● **Entries taken from a collection**
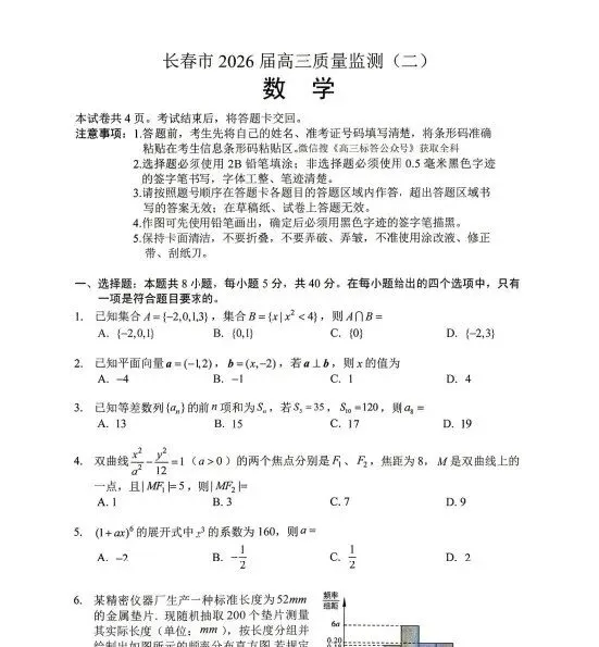 【对答案】长春二模考试真题及答案
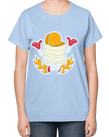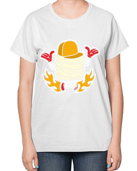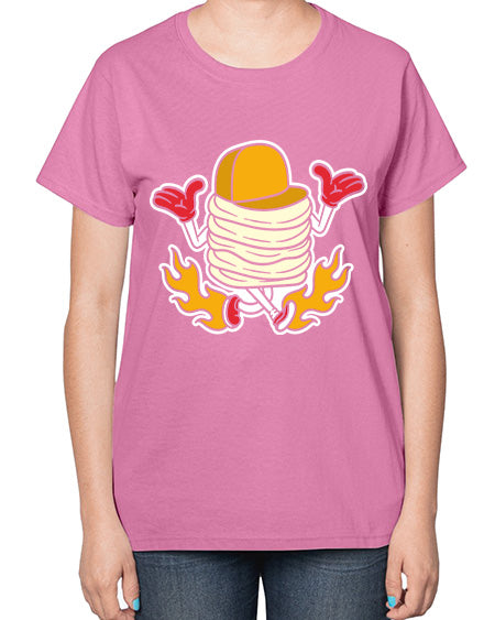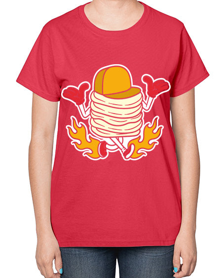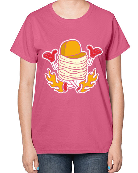 google-site-verification=jVrHOkW2AsgL_ozwUikqFQE6-Ke6U43Z8aLcUbXT5TE Pancake on fire 200# - cartoon food- Ladies T-Shirt – Tshirt Unlimited
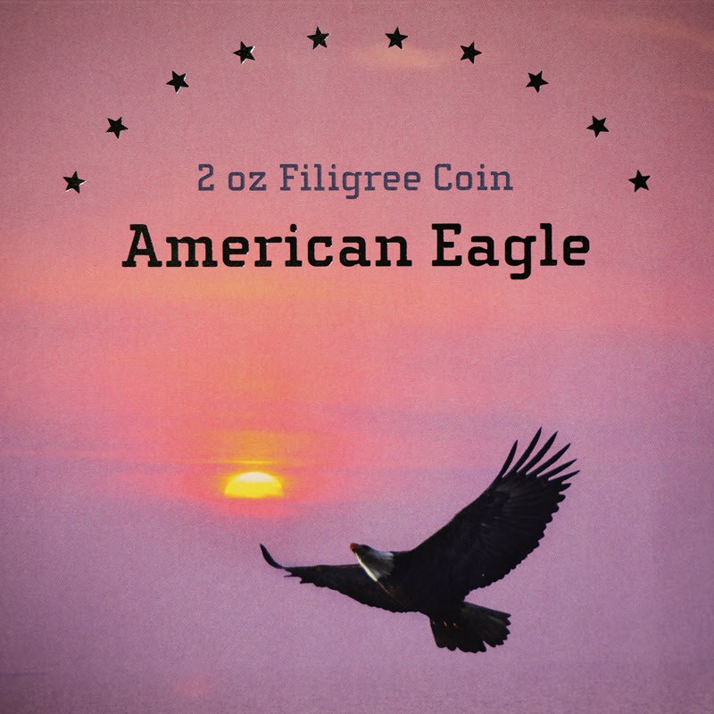 Эта удивительная серебряная монета весом 2 унции посвящена 40-летию монеты «Американский орел». У нее техника филиграни, качество пруф-лайк, голографический эффект и выборочное золочение в 24К. Поставляется в оригинальном футляре с сертификатом подлинности. Тираж: 1986 штук.
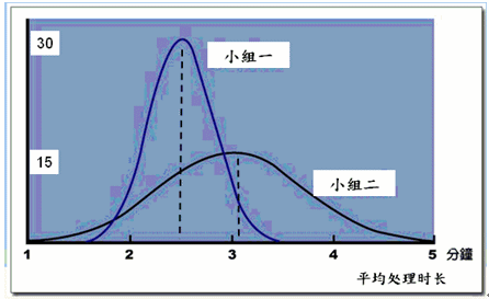 上面這張圖中,小組一的平均處理時長的標準差,顯然低于小組二,也就是小組一的座席員,大家處理時長差距都不大,都在2.5分鐘左右。
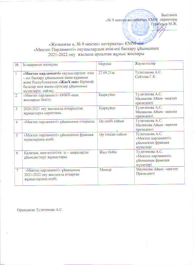 Мектеп Парламентінің жоспары
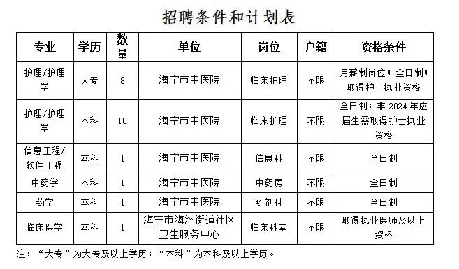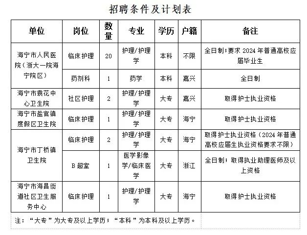 海宁市人民医院医疗集团 2024年3月 编外岗位合同制人员招聘公告 根据《海宁市卫生系统招聘编外岗位合同工实施办法》及相关规定,结合单位业务现状和用人需求,现就海宁市人民医院医疗集团招聘编外岗位合同制人员的具体事项公告如下:报名时间:2024年3月13日(周三)上午9:00~10:30、下午14:00~15:30。报名地点:海宁市人民医院(海宁市钱江西路2号)行政楼六楼6A19。(一)具有良好的职业道德,遵纪守法,身体健康,能适应专业技术岗位工作要求。(二)具备拟聘用岗位所需的学历、专业、户籍、专业技术资格、执业资格等要求。对有户籍要求的岗位,以2024年3月13日的户口所在地为准,截止到2024年3月13日户口尚在迁移中的人员,不受理报考。(三)年龄18~35周岁(1988年3月13日至2006年3月13日期间出生)。应聘人员在规定时间内凭毕业证书[2024年应届毕业生未取得毕业证书和学位证书的提供学校核发的《就业推荐表》、教育部学生司制发的《全国普通高校毕业生就业协议书》(省外高校可持省级教育行政部门制发的《普通高校毕业生就业协议书》);留学人员须提供教育部中国留学服务中心出具的国外(境外)学历学位认证书,相关的证明材料]、有效期内身份证、户口簿及招聘岗位要求的其他材料等原件及复印件到报名指定地点公开报名,进行资格审核,填写《海宁市事业单位编外合同工公开招聘报名表》1份,并提供近期一寸照片1张,每人限报1个岗位。1.总院护理岗位:采取笔试(内容为岗位相关专业知识)、操作考试、面试相结合方式进行,笔试后按笔试成绩从高分到低分按招聘岗位数1:2的比例确定操作考试、面试人选,按笔试成绩30%、操作考试成绩30%、面试成绩40%的比例计算综合成绩,综合成绩低于60分的不予聘用。2.医共体成员单位护理岗位:采取笔试、面试相结合方式进行,笔试、面试考核内容为岗位相关专业知识。笔试后按笔试成绩从高分到低分按招聘岗位数1︰2的比例确定面试人选,不足1︰2的按实际人数确定入围面试人选;按笔试成绩、面试成绩各占50%计算综合成绩,综合成绩低于60分的不予聘用(面试总分为100分,面试成绩低于60分者,不能列入体检、考察人选)。3.其他岗位:报名人数达到招聘人数3倍的,采取笔试(内容为岗位相关专业知识)、面试相结合方式进行,笔试后按笔试成绩从高分到低分按招聘岗位数1:3的比例确定面试人选,按笔试成绩、面试成绩各占50%计算综合成绩,综合成绩低于60分的不予聘用(面试总分为100分,面试成绩低于60分者,不能列入体检、考察人选);报名人数不足3倍的直接采取面试方式进行考核(内容为岗位相关专业知识),面试成绩低于60分的不予聘用。4.考试时间、地点视报名情况确定并另行通知,未按规定时间、地点参加考试的,视作放弃本次招聘。考试工作结束后,根据成绩从高分到低分按岗位招聘计划数1∶1比例确定体检、考察人员。体检标准原则上参照公务员录用标准执行。体检对象不按规定的时间、地点参加体检的,视作放弃。体检结束后进行考察。报考人员放弃体检或体检不合格(可申请一次复检,仍不合格的)、考察结论为不宜聘用的、在办理聘用手续前放弃聘用资格的,在成绩合格人员中按成绩从高分到低分依次递补(面试不合格的人员不列为递补对象)。根据考试、体检、考察的结果,确定拟聘用对象,并在海宁市人民政府门户网站、市卫生健康局(http://www.haining.gov.cn/col/col1460443/index.html)网站公示3天。公示期满后,没有反映问题或反映有问题经查实不影响聘用的,由用工单位依据《劳动合同法》与聘用人员签订劳动合同,按规定办理相关社会保险和住房公积金手续(2024年应届毕业生且尚未拿到毕业证的,自经公示明确为聘用对象后30天内须与应聘单位签订就业协议,逾期视作自动放弃处理;同时须于2024年9月30日前取得学历、学位证书)。对反映有影响聘用问题并查有实据的,不予聘用;对反映的问题一时难以查实的,将暂缓聘用,待查清后再决定是否聘用。被聘用人员收到聘用通知后,在规定的报到时间办理报到手续,逾期不报到者,作自动放弃。聘用人员实行人事代理和试用期制度,试用期满后经考核不合格的予以解聘。招聘过程信息均在医院官方平台公布,届时考生可自行查询。咨询电话:0573-89230025;87036229监督电话:0573-89230011,87017385,87017301海宁市中医院医疗集团 2024年3月 编外岗位合同制人员招聘公告 根据《海宁市卫生系统招聘编外岗位合同工实施办法》及相关规定,结合单位业务发展和用人需求,现就2024年3月海宁市中医院医疗集团面向社会公开招聘编外合同制人员具体事项公告如下:报名时间:2024年3月13日(周三)上午8:30~11:00。报名地点:海宁市中医院(海宁市长埭路177号)6号楼(北门左侧10层楼)301会议室招聘报名处。(一)具有良好的职业道德,遵纪守法,作风正派,有较强的工作责任心和事业心,身体健康,能胜任相应岗位的工作。(二)具备拟聘用岗位所需的学历、专业、专业技术资格、执业资格等要求。(三)年龄要求:18~35周岁(1988年3月13日至2006年3月13日期间出生)。中级及以上职称年龄可适当放宽。应聘人员在规定时间内凭毕业证书[2024年应届毕业生未取得毕业证书和学位证书的提供学校核发的《就业推荐表》、教育部学生司制发的《全国普通高校毕业生就业协议书》(省外高校可持省级教育行政部门制发的《普通高校毕业生就业
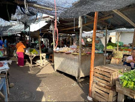Farmers market every morning in Tanjung, which is 2-3 km from the marina on the left side of the road.  There is also a small supermarket in Tanjung: Berlian Raya on the left side of the road.
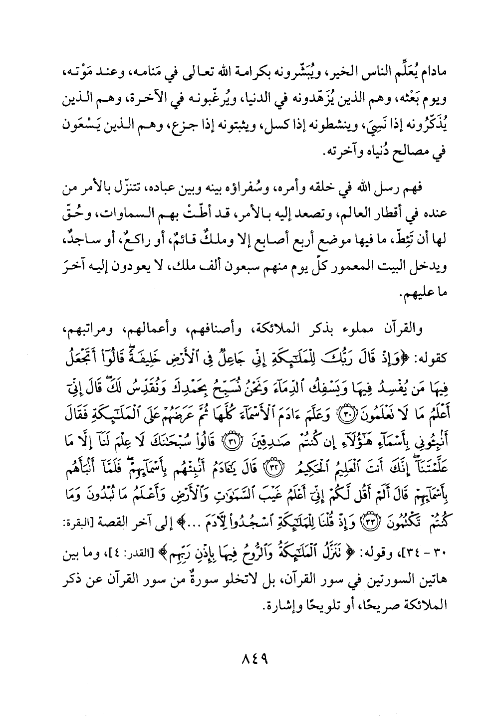 والقرآن مملوء بذكر الملائكة، وأصنافهم، وأعمالهم، ومراتبهم، كقوله: {وَإِذْ قَالَ رَبُّكَ لِلْمَلَائِكَةِ إِنِّي جَاعِلٌ فِي الْأَرْضِ خَلِيفَةً قَالُوا أَتَجْعَلُ فِيهَا مَنْ يُفْسِدُ فِيهَا وَيَسْفِكُ الدِّمَاءَ وَنَحْنُ نُسَبِّحُ بِحَمْدِكَ وَنُقَدِّسُ لَكَ قَالَ إِنِّي أَعْلَمُ مَا لَا تَعْلَمُونَ (30) وَعَلَّمَ آدَمَ الْأَسْمَاءَ كُلَّهَا ثُمَّ عَرَضَهُمْ عَلَى الْمَلَائِكَةِ فَقَالَ أَنْبِئُونِي بِأَسْمَاءِ هَؤُلَاءِ إِنْ كُنْتُمْ صَادِقِينَ (31) قَالُوا سُبْحَانَكَ لَا عِلْمَ لَنَا إِلَّا مَا عَلَّمْتَنَا إِنَّكَ أَنْتَ الْعَلِيمُ الْحَكِيمُ (32) قَالَ يَاآدَمُ أَنْبِئْهُمْ بِأَسْمَائِهِمْ فَلَمَّا أَنْبَأَهُمْ بِأَسْمَائِهِمْ قَالَ أَلَمْ أَقُلْ لَكُمْ إِنِّي أَعْلَمُ غَيْبَ السَّمَاوَاتِ وَالْأَرْضِ وَأَعْلَمُ مَا تُبْدُونَ وَمَا كُنْتُمْ تَكْتُمُونَ (33) وَإِذْ قُلْنَا لِلْمَلَائِكَةِ اسْجُدُوا لِآدَمَ ...} إلى آخر القصة [البقرة: 30 - 34]، وقوله: {تَنَزَّلُ الْمَلَائِكَةُ وَالرُّوحُ فِيهَا بِإِذْنِ رَبِّهِمْ} [القدر: 4]، وما بين هاتين السورتين في سور القرآن، بل لا تخلو سورةٌ من سور القرآن عن ذكر الملائكة صريحًا، أو تلويحًا وإشارة.
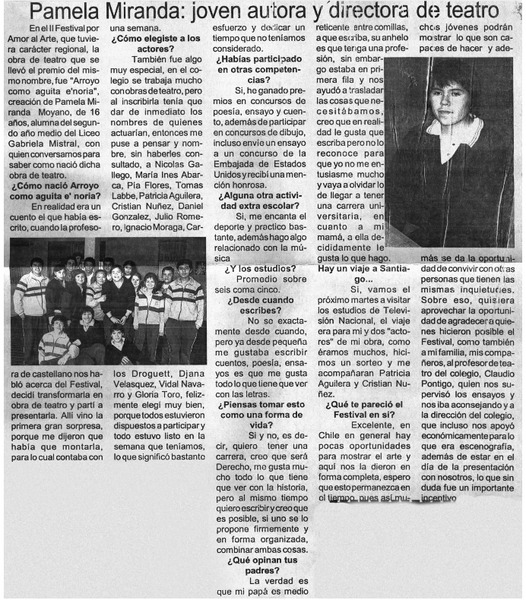 Pamela Miranda: joven autora y directora de teatro : [entrevistas] [artículo]

● **Work to be completed**
Extract the part of the records that opens with the line containing "上面這張圖中,小組一的平均處" and closes with the line containing "Мектеп Парламентінің жоспары". Take only those lines, exactly, and no pictures.

● **Your solution**
 上面這張圖中,小組一的平均處理時長的標準差,顯然低于小組二,也就是小組一的座席員,大家處理時長差距都不大,都在2.5分鐘左右。
 Мектеп Парламентінің жоспары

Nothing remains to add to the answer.